= PROBLEM DESCRIPTION =
Would you transcribe the records below from the line with "带领新生一同研读我校《学生手" to the line with "Помимо привычных для", ends included, exactly and with nothing more, leaving the pictures out?

= DATA FOR ANALYSIS =

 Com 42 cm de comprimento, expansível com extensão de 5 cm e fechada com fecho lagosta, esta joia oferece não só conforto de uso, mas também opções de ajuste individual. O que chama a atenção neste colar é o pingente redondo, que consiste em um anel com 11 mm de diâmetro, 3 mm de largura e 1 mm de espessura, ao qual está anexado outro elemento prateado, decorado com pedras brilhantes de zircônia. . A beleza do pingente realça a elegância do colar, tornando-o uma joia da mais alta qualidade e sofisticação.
--
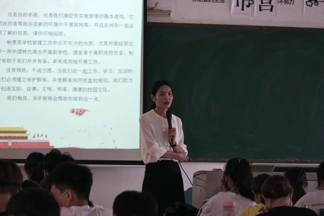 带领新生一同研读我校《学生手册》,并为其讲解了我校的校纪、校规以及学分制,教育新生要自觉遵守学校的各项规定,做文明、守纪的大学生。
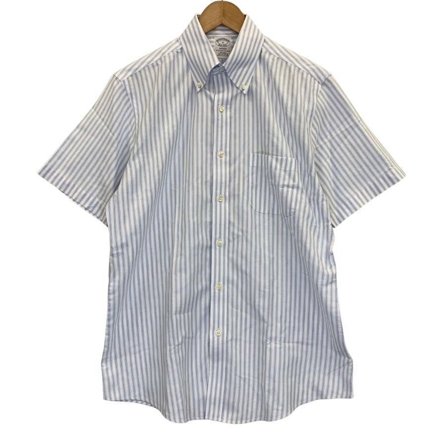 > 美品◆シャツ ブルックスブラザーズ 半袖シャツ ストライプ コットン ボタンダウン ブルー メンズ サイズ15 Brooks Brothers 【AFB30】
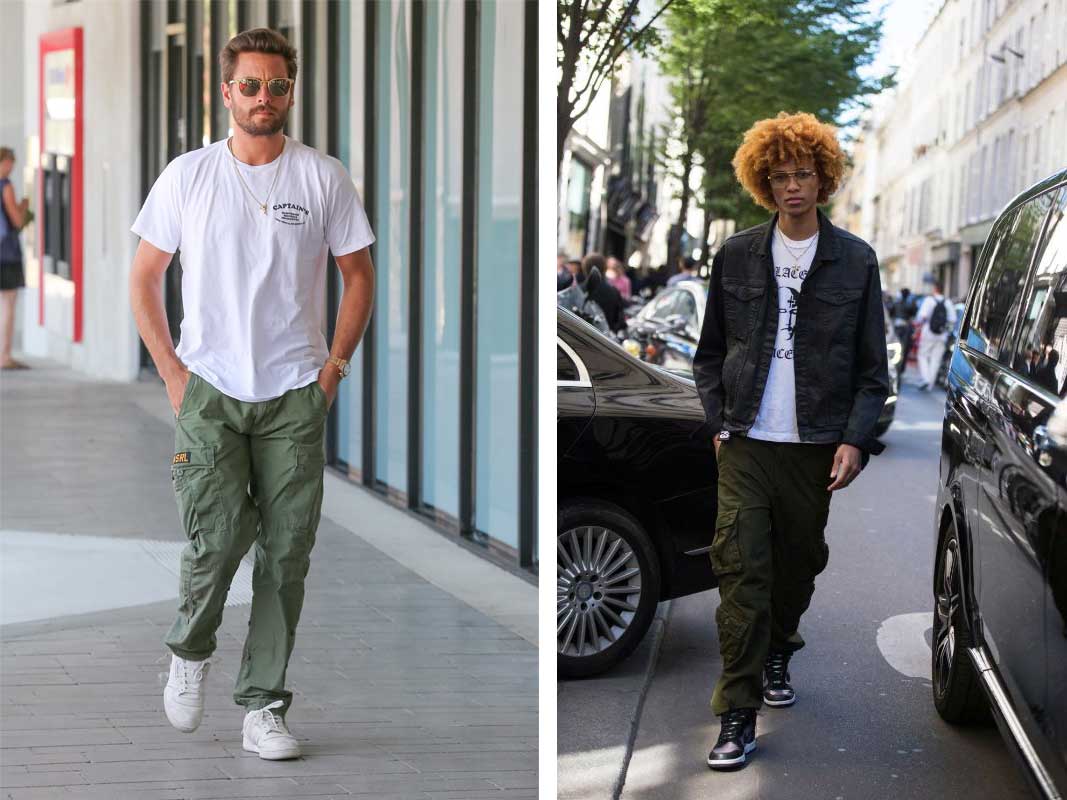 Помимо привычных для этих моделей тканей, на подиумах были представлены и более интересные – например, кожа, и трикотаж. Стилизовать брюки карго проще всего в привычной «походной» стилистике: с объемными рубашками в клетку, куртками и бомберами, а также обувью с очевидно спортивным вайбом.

= ANSWER BOX =
 带领新生一同研读我校《学生手册》,并为其讲解了我校的校纪、校规以及学分制,教育新生要自觉遵守学校的各项规定,做文明、守纪的大学生。
 > 美品◆シャツ ブルックスブラザーズ 半袖シャツ ストライプ コットン ボタンダウン ブルー メンズ サイズ15 Brooks Brothers 【AFB30】
 Помимо привычных для этих моделей тканей, на подиумах были представлены и более интересные – например, кожа, и трикотаж. Стилизовать брюки карго проще всего в привычной «походной» стилистике: с объемными рубашками в клетку, куртками и бомберами, а также обувью с очевидно спортивным вайбом.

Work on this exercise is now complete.